The proliferation of cooking shows, blogs, celebrity chefs, and their inevitable diabetes drug endorsements proves that everything is better wrapped in bacon. But cooking also taps into something more primal: it’s one of the last jobs that still does what most of us don’t — make things. In this sterile, white-collar world, where meat comes from ShopRite and homes are built by “guest workers,” cooking is the last physical job we can relate to.

In fact, we’ve become voyeurs to the exertion our lives no longer demand. Every popular series about jobs has some physical component — Deadliest CatchProject RunwayAmerican ChopperDirty Jobs. Not surprisingly, no one fetishizes typing, even if it’s done loudly and with gusto. Digital desk jobs feel empty because they are empty.
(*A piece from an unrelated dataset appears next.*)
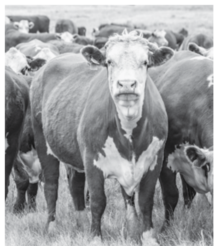
Подготовил Евгений ШУМИЛОВ

Дополнительно скажу, что с 1 сентября этого года вступают в силу новые ветеринарные правила, направленные на предотвращение распространения и ликвидацию очагов лейкоза крупного рогатого скота. Согласно этим правилам, если в хозяйстве суммарное количество больных и инфицированных восприимчивых животных составляет до 5% от общего количества восприимчивых животных, то инфицированные животные направляются на убой. Если более 5%, то инфицированных животных вывозят в резервацию или на убой. В резервации крупнорогатый скот содержится до окончания их хозяйственного использования, гематологические исследования таких животных проводятся каждые шесть месяцев».

They deprive us of the very things that make us human: our five senses and the satisfaction of tangible output. It doesn’t have to be that way. Quietly, our bodies have been plotting a revolution. Winning it will take heart, guts and possibly, bacon.

Sensory Deprivation

The job of cooking is a sensory Disneyworld. You dice colorful greens, experience warm gusts of goodness, and perform skillet symphonies. If all goes well, you’ll devour physical creations that leave lasting memories. At the end, every sense craves a cigarette and a nap.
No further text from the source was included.